Why does this regex take so long to find email addresses in specific files?

I have a regex that looks for email addresses (this was taken from another SO message that I cannot find and was checked on all types of email configurations ... changing this is not quite my question ... but understand if this is the main reason):

/[a-z0-9_\-\+] +@ [a-z0-9\-]+\.([az]{2,3})(?:\.[az]{2})?/i

I am using preg_match_all () in PHP.

This works fine for 99.99 ...% of the files that I look at and takes about 5 ms, but sometimes takes a couple of minutes. These files are larger than the average web page of about 300 thousand, but much larger files are usually processed normally. The only thing I can find in the contents of the file that stands out is a string of thousands of consecutive "random" alphanumeric characters, such as:

 wEPDwUKMTk0ODI3Nzk5MQ9kFgICAw9kFgYCAQ8WAh4H...

Here are two pages causing the problem. Browse the source to see long lines.

Any thoughts on what causes this?

- FINAL DECISION -

I tested the various regular expressions suggested in the answers. @FailedDev's answer helped and reduced processing time from a few minutes to a few seconds. @ Hakre's answer solved the problem and reduced the processing time to a few hundred milliseconds. Following is the last regex.

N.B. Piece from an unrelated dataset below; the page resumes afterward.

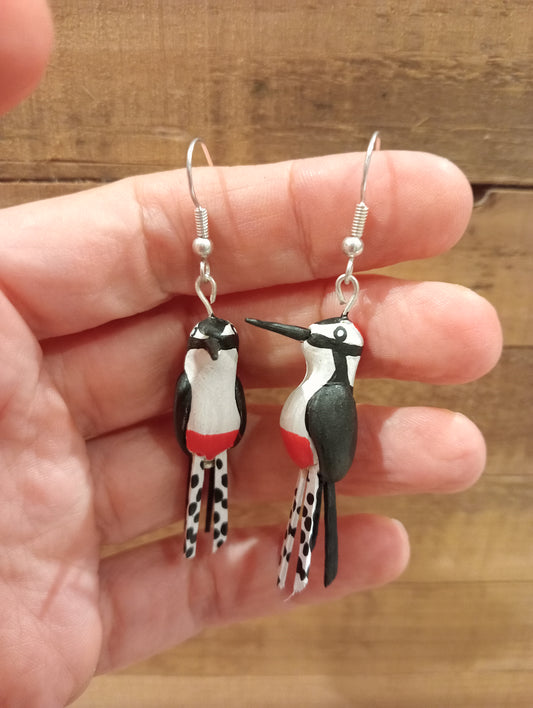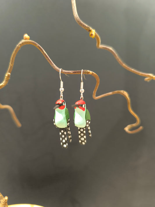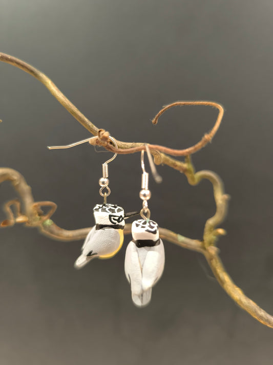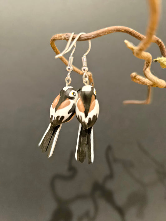 Boucles d'oreilles oiseaux modelées et peintes à la main, pour mettre une touche de nature et de poésie à vos oreilles!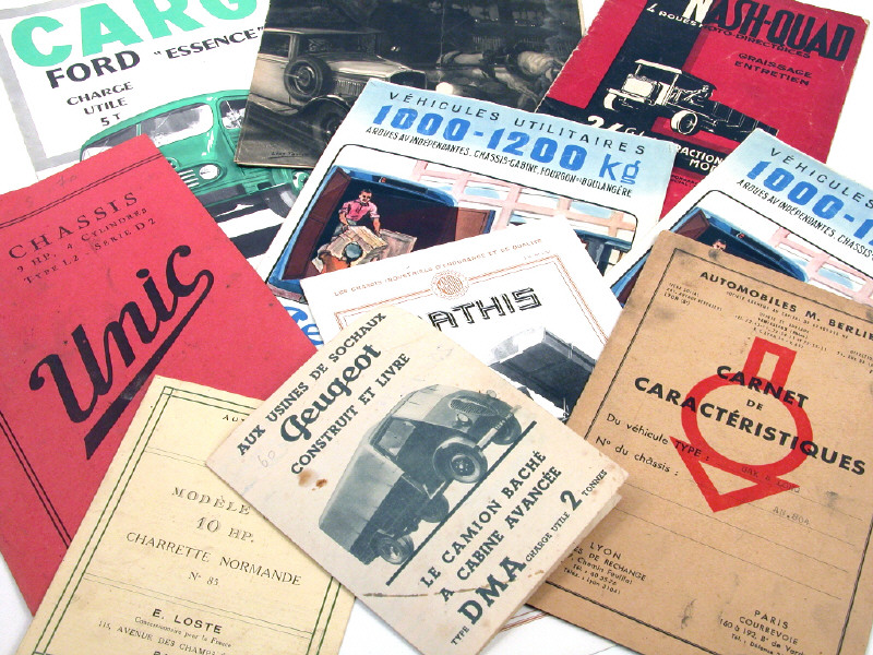 comprend des véhicules utilitaires des marques : PEUGEOT, FORD, FIAT, UNIC, BERLIET, MATHIS & NASH-QUAD - éditions notamment des années 20 & 30 - un catalogue en état 'c'

This is the second sentence of @hakre.

 /[a-z0-9_\-\+]{1,256} +@ [a-z0-9\-]{1,256}+\.([az]{2,3})(?:\.[az]{2})?/i

+6

php regex web-scraping

T. Brian Jones Nov 17 '11 at 23:03

source share

2 answers

My best guess is to try using available quantifiers:

 [a-z0-9_\-\+]+

to

 [a-z0-9_\-\+]++

This will break the regular expression to improve performance in these situations.

Edit:

Maybe atomic grouping can also help:

 /(?>[a-z0-9_\-+]++)@(?>[a-z0-9\-]++\.)(?>[az]{2,3})(?:\.[az]{2})?/

You must select an option first. It would be interesting to know if there is a difference using also option 2.

+6

FailedDev Nov 17 '11 at 23:10

source share

hakre · Accepted Answer · 2011-11-17T23:30:21+0000

You already know that your regular expression is causing a problem for large files. So maybe you can make it a little smarter?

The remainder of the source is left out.